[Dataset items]
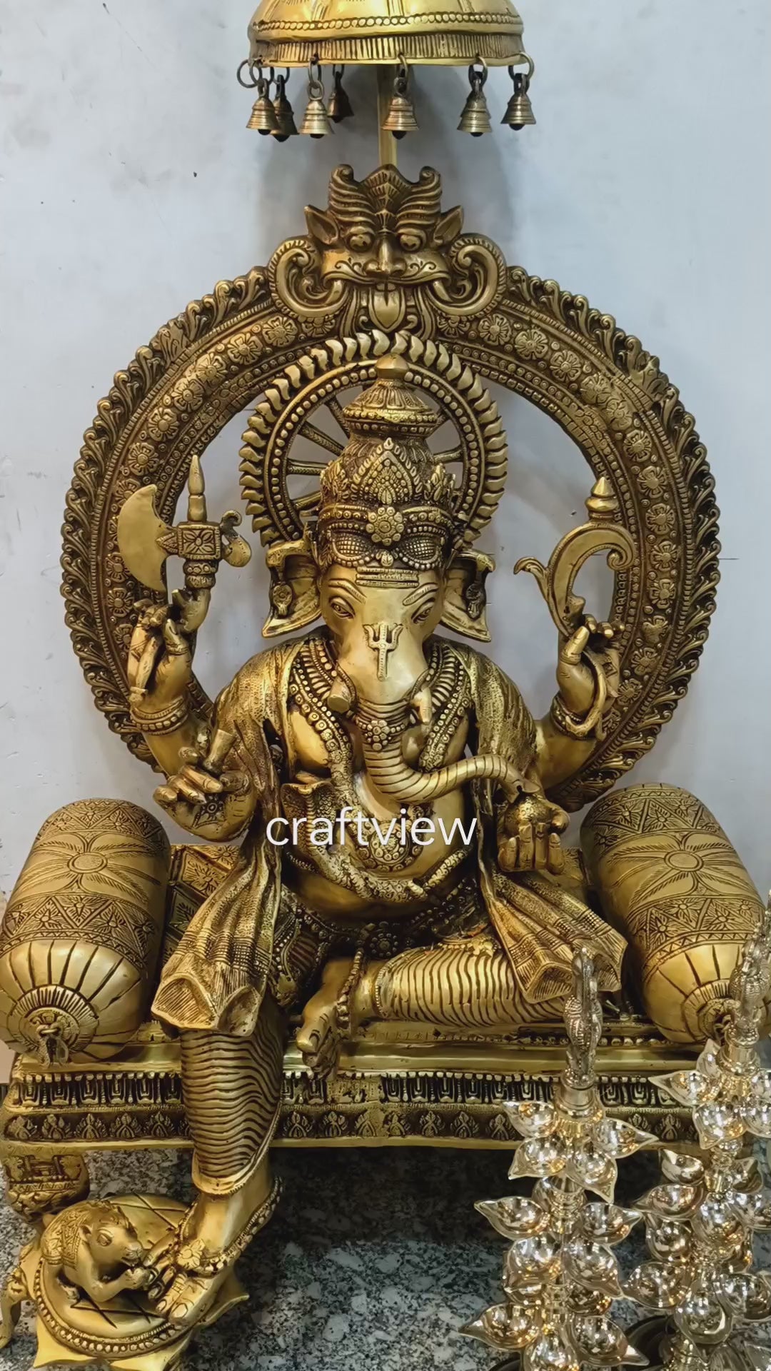 Our Ganesh Statue is crafted from high-quality brass, ensuring durability and beauty. Because we prioritize excellence, each piece is meticulously hand-carved by skilled artisans. This Ganesh Statue stands at an impressive 46.5 inches, making it a standout addition to any room or outdoor area. So whether you're decorating your living space or creating a sacred corner, this statue will leave a lasting impression.
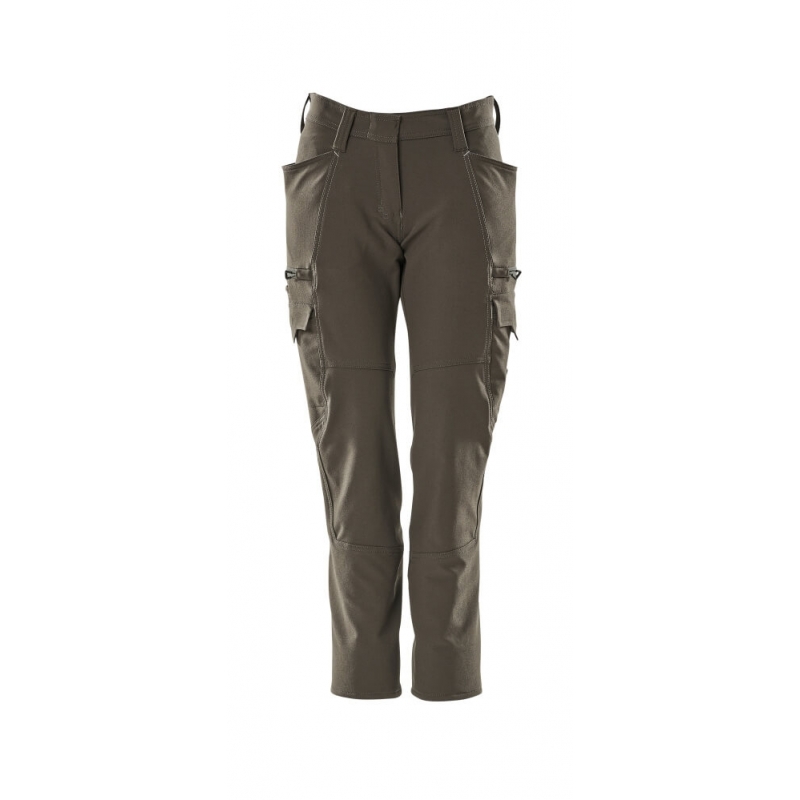 Damski krój DIAMOND. Wodoodporne wykończenie. Nadzwyczajnie elastyczny, lekki i trwały. Materiału praktycznie nie odczuwa się na skórze, gdyż kieszenie są wkomponowane w design. Podwójne szwy w nogawkach i w kroku. Obniżona talia. Nogawki w ergonomicznym kształcie. Szlufki do paska. Zapięcie na zamek błyskawiczny. Przednie kieszenie. Tylne kieszenie. Kieszeń na udzie z klapką i kieszonką na telefon zapinana na ukryty zatrzask oraz zintegrowanym uchwytem na identyfikator. Odczepiany uchwyt na identyfikator. Kieszeń na udzie i kieszeń na calówkę. Z nadrukiem i odblaskami.
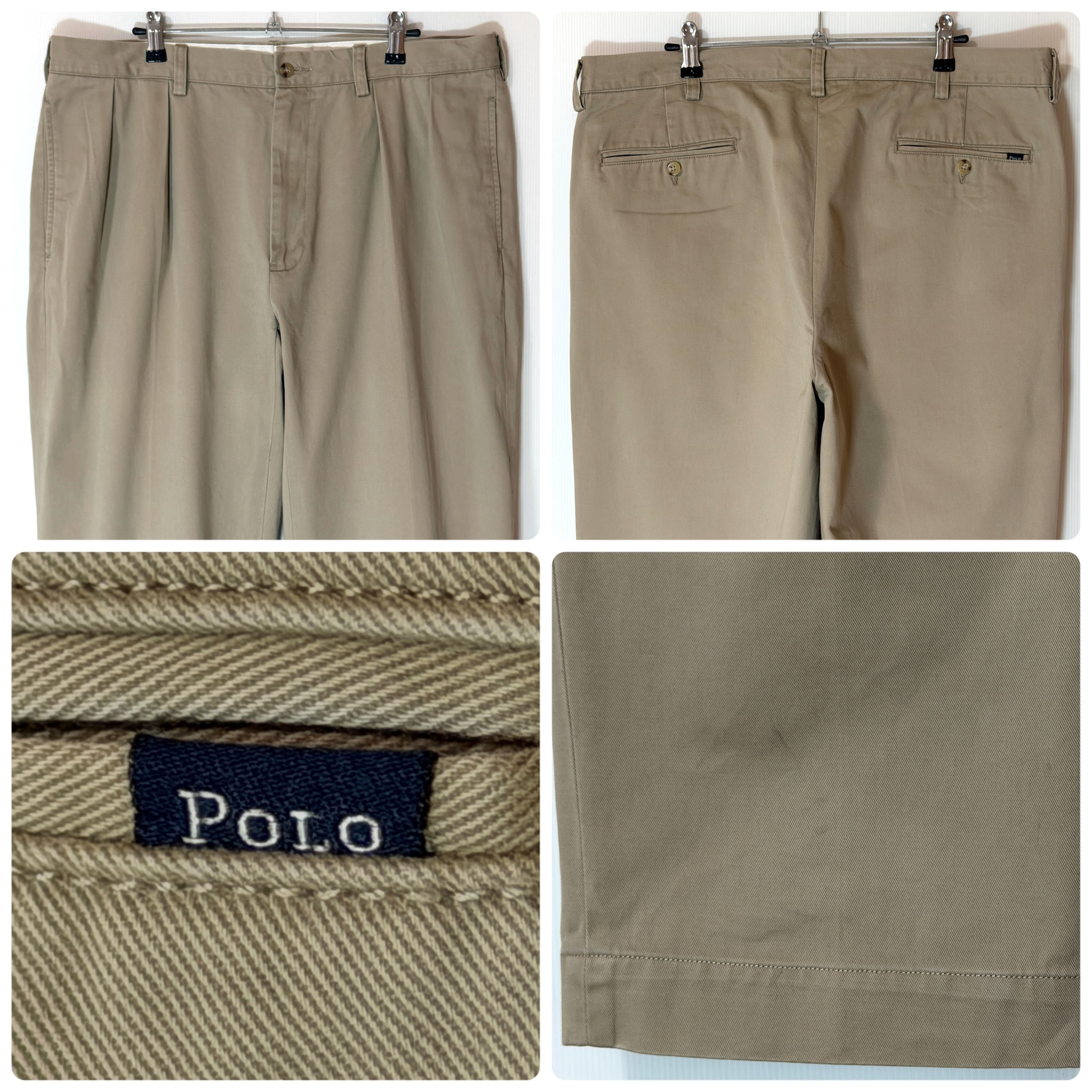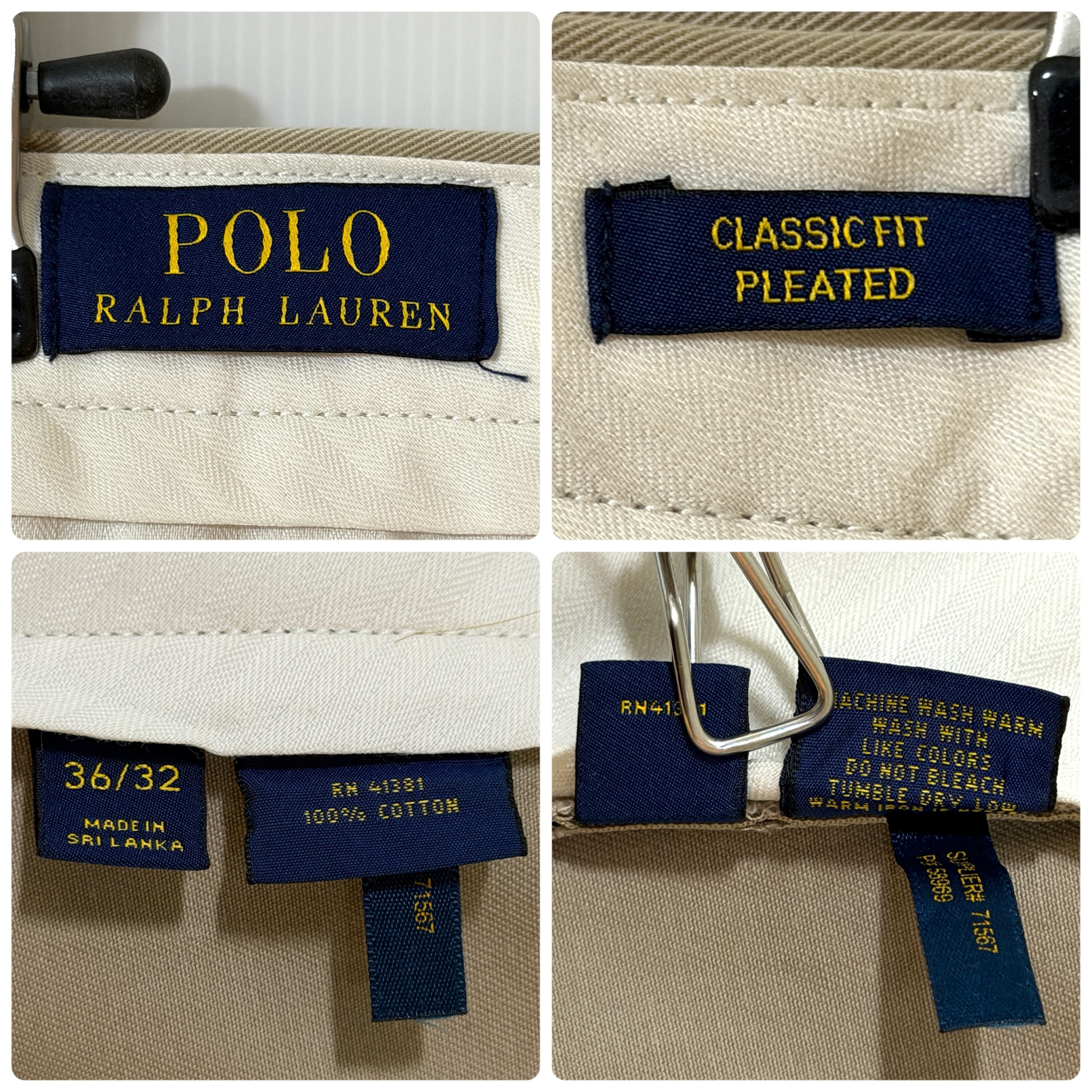 美品 Polo Ralph Lauren ポロラルフローレン ツータック チノパン【W36L32】【ベージュ/Beige】 CLASSIC FIT PLEATED クラシックフィットプリーテッド インプリーツ スラックス トラウザーズ ワンポイント刺繍ロゴピスネーム 厚手 コットン ワイドパンツ テーパード 極太 ワイドバギー メンズ ボトムス ポロチノ 希少 レアモデル TWO TUCK CHINO 100% COTTON TROUSERS p25123422
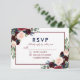 Tarjeta de RSVP de Boda Floral Acuarela Burgundy Marsala Azul - Reverso Azul
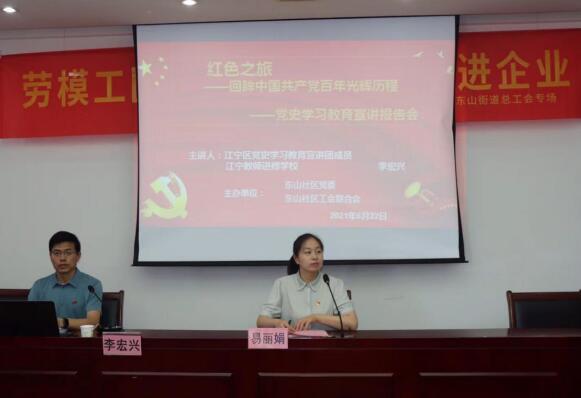 為慶祝中國共產(chǎn)黨建黨100周年,傳承紅色基因,錘煉黨性思想,6月22日,江寧區(qū)總工會“勞模工匠進校園 思政教師進企業(yè)”活動—東山街道總工會專場在東山社區(qū)舉行。
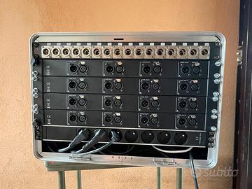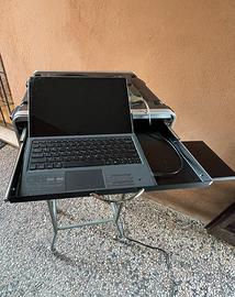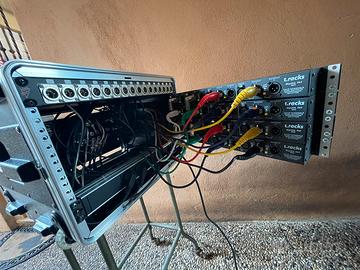 Il tutto allestito in rack Gator con ruote cablato con cassetto estraibile con basetta per il mouse per il pc di controllo.
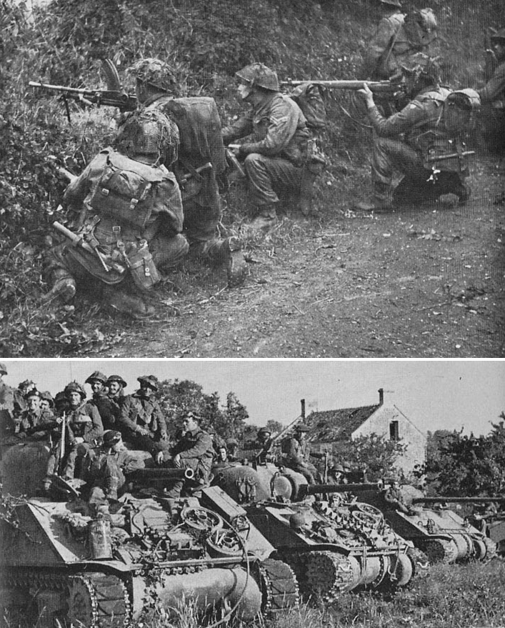 The brigadiers commanding 69th Infantry and the supporting 8th Armoured Brigades had accompanied B Squadron of the Dragoons Guards up Hill 102, south of Cristot. Opposition was light, but infantry would be needed to secure the position. The Green Howards were summoned, and looked with dismay at the difficult country they would have to cross. At least only slight opposition was anticipated. Unbeknown to the Green Howards or their brigadiers the Hitlerjugend Division appreciated the value of the hill and, following the British recce, slipped reinforcements into the position.Attacker: British (D Company, 6th Green Howards / B Squadron, 4/7th Royal Dragoon Guards)
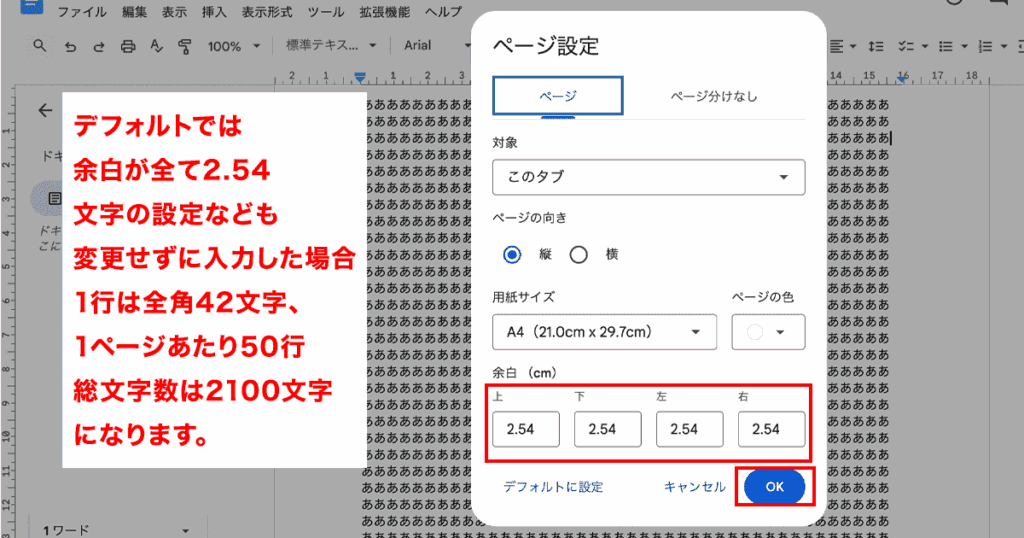 Googleドキュメントで文字数・行数の設定ができない・・・
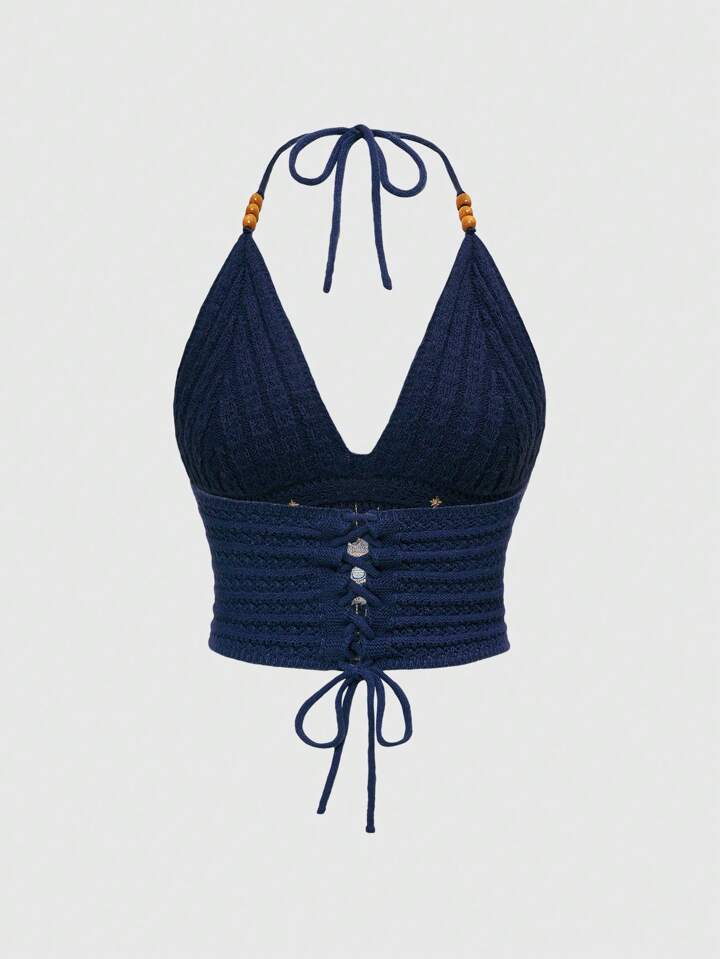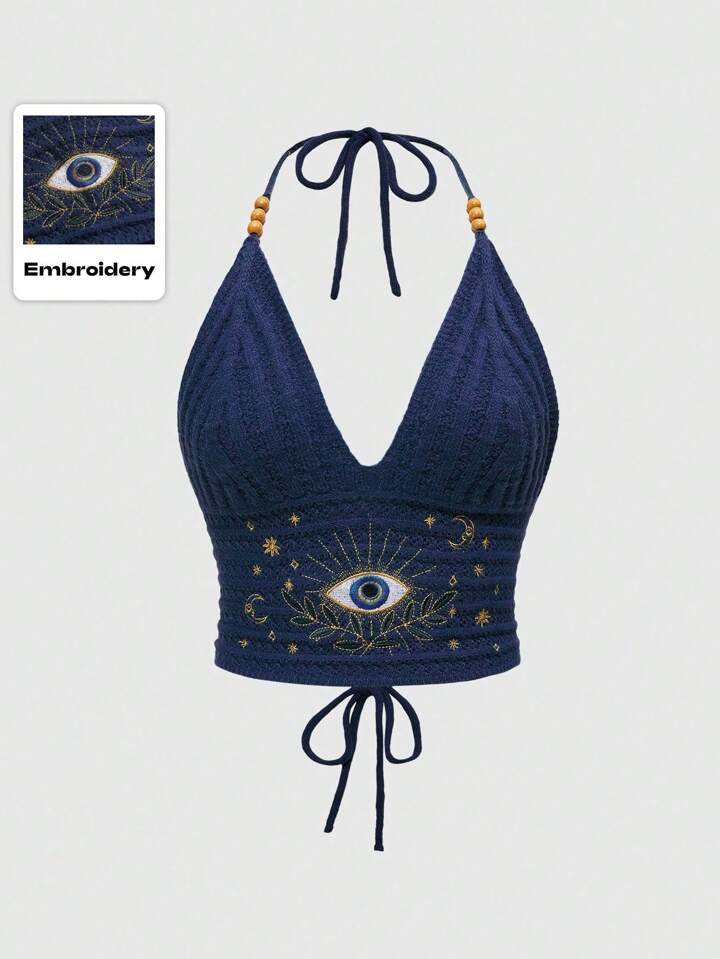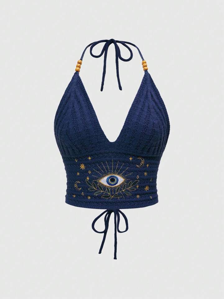 Women Boho Hippie Style Summer, Moon & Star Embroidery Knit Beaded Top

What the task requires: Please transcribe all of the records above exactly, leaving out any pictures.

Result of the task:
 Our Ganesh Statue is crafted from high-quality brass, ensuring durability and beauty. Because we prioritize excellence, each piece is meticulously hand-carved by skilled artisans. This Ganesh Statue stands at an impressive 46.5 inches, making it a standout addition to any room or outdoor area. So whether you're decorating your living space or creating a sacred corner, this statue will leave a lasting impression.
 Damski krój DIAMOND. Wodoodporne wykończenie. Nadzwyczajnie elastyczny, lekki i trwały. Materiału praktycznie nie odczuwa się na skórze, gdyż kieszenie są wkomponowane w design. Podwójne szwy w nogawkach i w kroku. Obniżona talia. Nogawki w ergonomicznym kształcie. Szlufki do paska. Zapięcie na zamek błyskawiczny. Przednie kieszenie. Tylne kieszenie. Kieszeń na udzie z klapką i kieszonką na telefon zapinana na ukryty zatrzask oraz zintegrowanym uchwytem na identyfikator. Odczepiany uchwyt na identyfikator. Kieszeń na udzie i kieszeń na calówkę. Z nadrukiem i odblaskami.
 美品 Polo Ralph Lauren ポロラルフローレン ツータック チノパン【W36L32】【ベージュ/Beige】 CLASSIC FIT PLEATED クラシックフィットプリーテッド インプリーツ スラックス トラウザーズ ワンポイント刺繍ロゴピスネーム 厚手 コットン ワイドパンツ テーパード 極太 ワイドバギー メンズ ボトムス ポロチノ 希少 レアモデル TWO TUCK CHINO 100% COTTON TROUSERS p25123422
 Tarjeta de RSVP de Boda Floral Acuarela Burgundy Marsala Azul - Reverso Azul
 為慶祝中國共產(chǎn)黨建黨100周年,傳承紅色基因,錘煉黨性思想,6月22日,江寧區(qū)總工會“勞模工匠進校園 思政教師進企業(yè)”活動—東山街道總工會專場在東山社區(qū)舉行。
 Il tutto allestito in rack Gator con ruote cablato con cassetto estraibile con basetta per il mouse per il pc di controllo.
 The brigadiers commanding 69th Infantry and the supporting 8th Armoured Brigades had accompanied B Squadron of the Dragoons Guards up Hill 102, south of Cristot. Opposition was light, but infantry would be needed to secure the position. The Green Howards were summoned, and looked with dismay at the difficult country they would have to cross. At least only slight opposition was anticipated. Unbeknown to the Green Howards or their brigadiers the Hitlerjugend Division appreciated the value of the hill and, following the British recce, slipped reinforcements into the position.Attacker: British (D Company, 6th Green Howards / B Squadron, 4/7th Royal Dragoon Guards)
 Googleドキュメントで文字数・行数の設定ができない・・・
 Women Boho Hippie Style Summer, Moon & Star Embroidery Knit Beaded Top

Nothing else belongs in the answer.